■ **Task to complete**: Each line from the one with "selected and saved" through the last line below must be written out exactly. Do not copy pictures.

■ **Stored data**:
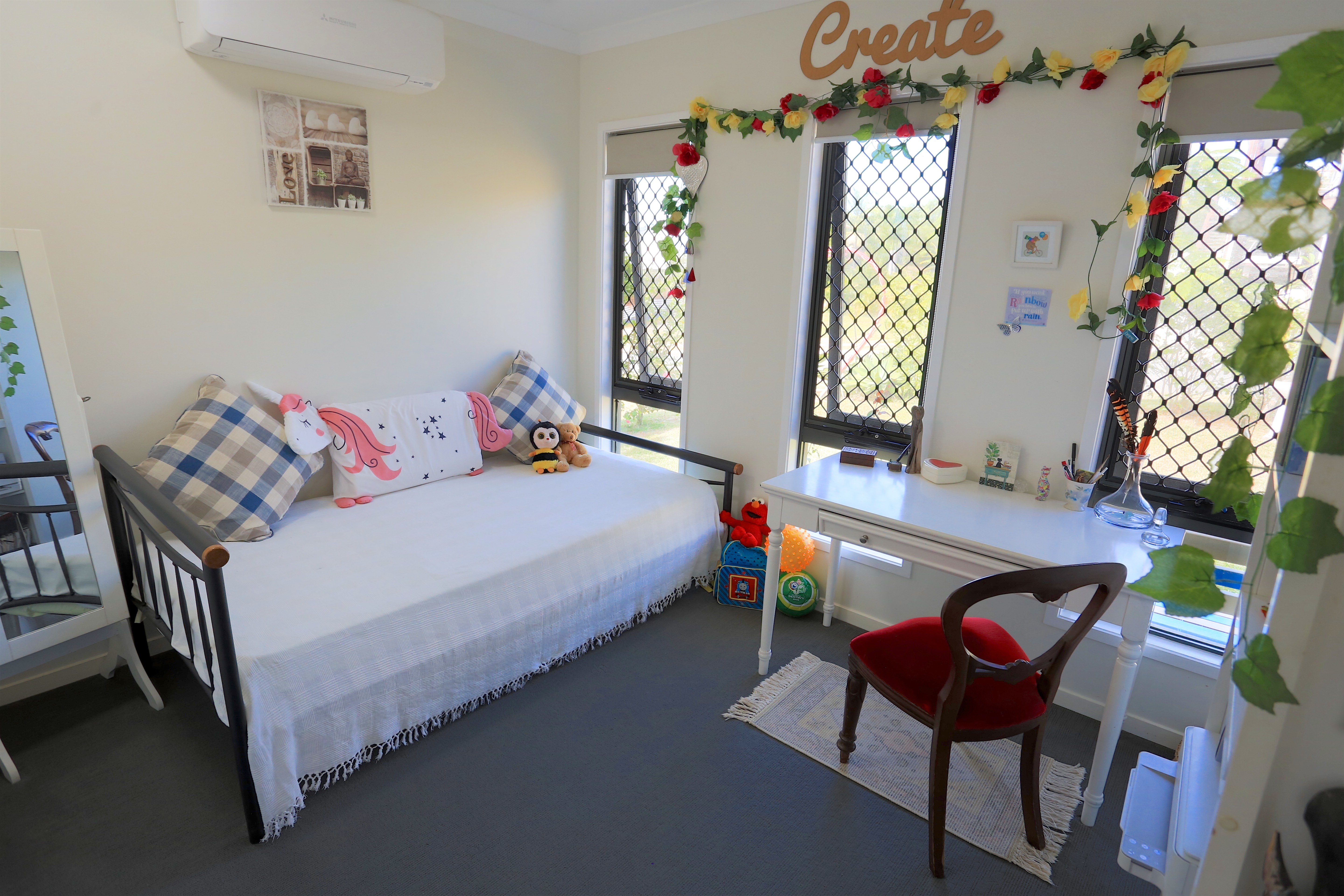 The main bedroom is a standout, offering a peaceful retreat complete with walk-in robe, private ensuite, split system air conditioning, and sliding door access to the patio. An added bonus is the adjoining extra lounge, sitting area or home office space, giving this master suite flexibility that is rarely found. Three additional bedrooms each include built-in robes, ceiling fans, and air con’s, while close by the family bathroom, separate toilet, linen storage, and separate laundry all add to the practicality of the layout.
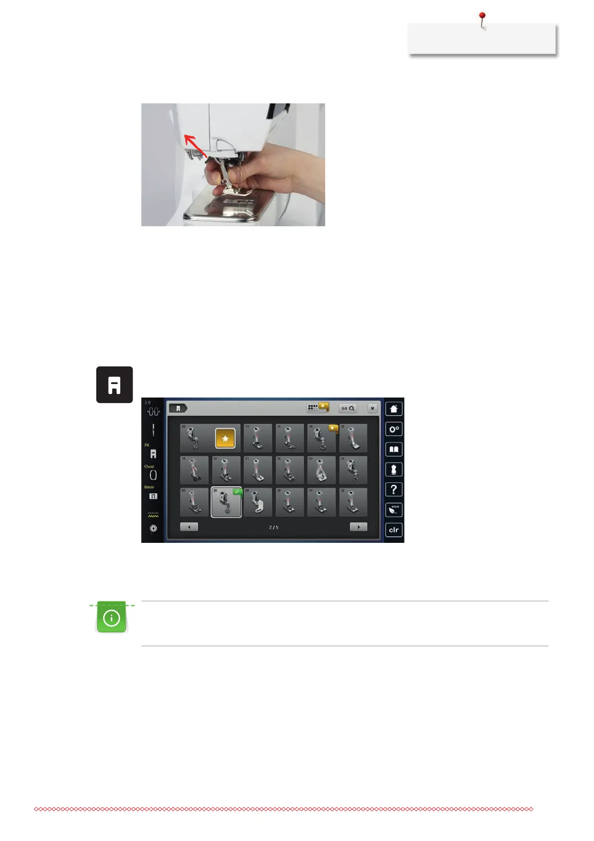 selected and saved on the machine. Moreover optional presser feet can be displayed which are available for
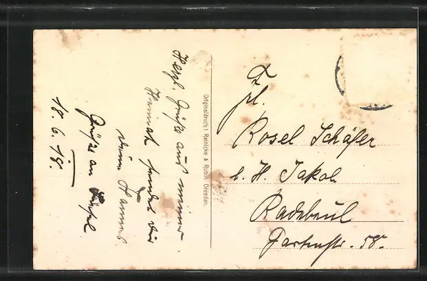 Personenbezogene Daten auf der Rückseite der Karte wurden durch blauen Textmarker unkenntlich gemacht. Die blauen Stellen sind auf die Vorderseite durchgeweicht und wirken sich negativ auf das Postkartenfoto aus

■ **Your response**:
 selected and saved on the machine. Moreover optional presser feet can be displayed which are available for
 Personenbezogene Daten auf der Rückseite der Karte wurden durch blauen Textmarker unkenntlich gemacht. Die blauen Stellen sind auf die Vorderseite durchgeweicht und wirken sich negativ auf das Postkartenfoto aus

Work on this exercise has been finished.